I had a particularly volatile class debate last year on whether surgeons are playing God. The class felt passionately that transplants were about progress and eventually it wouldn’t even be necessary for people to die. It was useful to remind them of this later when they had turned against Dr Frankenstein, seeing him as a dangerously ambitious egoist. Wasn’t he too enhancing human progress?

Any serious approach to the novel will consider its historical contxt. In 1816 Shelley was challenged by Byron to write a ghost story and from this Frankenstein was born, a book that founded the genre of science fiction. There’s the historical: “Imagine life before the First World War, before women got the vote.” And the personal: “Consider that Shelley had four children, only one of whom outlived her. The loss must have influenced her writing, giving special poignancy to her descriptions of the fragility of life.”

In reading the novel, characterisation is a key route into the detail of the text. From creation, the Monster is like a child. He has no language, does not know the rules of society and is about to embark on an exciting and frightening journey. He learns and imitates his fellow humans, only becoming focused ultimately on revenge when he has learned enough from the world to understand what Frankenstein is - an “inhumanely cruel” parent - creating but then disowning his child. Frankenstein tells how “every hour of my infant life, I received a lesson of patience, of charity, and of self-control, I was so guided by a silken cord that all seemed but one train of enjoyment to me” - so what goes wrong? Can his mother’s death be a good enough reason to challenge the boundaries of natural science? Who is the real monster?
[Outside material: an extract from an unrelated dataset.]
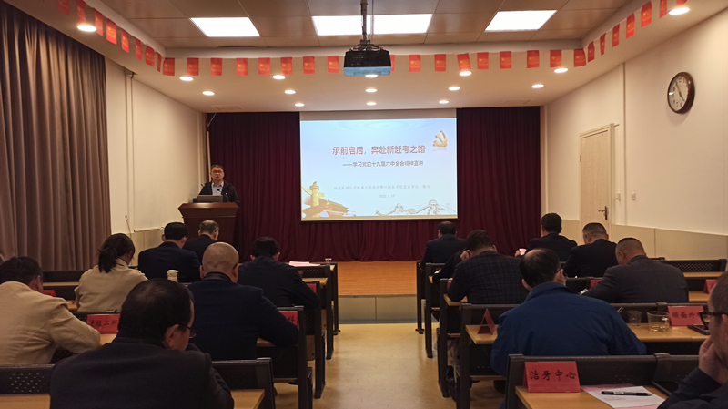 报告会以《承前启后,奔赴新赶考之路》为题展开宣讲。围绕深刻认识通过《决议》的重要意义,深刻认识把握《决议》的特色亮点和重大政治判断、落实全会精神的实践要求等方面,全面阐释了党的十九届六中全会的精神实质和丰富内涵。

Look at language, and we begin to understand the parallel between creator and creation. Towards the end of the novel Frankenstein sees nature as awe inspiring; Shelley dwarves him with description of it. The Monster at first finds simple delight in fire providing him with light and warmth. Later, he takes refuge from humanity in “desert mountains and dreary glaciers”.

Ask students to consider how Frankenstein is subdued to a fate of following, and why his destiny is to experience the same feelings of isolation and dependency as the Monster. The characters are parallel. It is a sad fact that often those who are abused become abusers. This is a relevant debate - look at how Frankenstein warns Walton to turn back; or, as one of my Year 11 students remarked in a discussion of the novel, the most fervent anti-smokers are ex-smokers. I have taught the novel to A-level students and less motivated GCSE groups. For all there is a fascination of discovering a story they thought they already knew, and untang-ling some of the terrible parallels with our own monstrous times.

Jane Christopher is head of English at Droitwich Spa High School and Sixth Form Centre

AN AGE OF EXPERIMENT

In the 1790s, Luigi Galvani, an Italian physician, made frog muscles twitch by jolting them with a spark from an electrostatic machine, concluding that animal tissues generate electricity. He was eventually proved wrong by Alessandro Volta, but the controversy stimulated research in electrotherapy and on electric currents.

When “Frankenstein” was published, the word galvanism implied the release, through electricity, of mysterious life forces.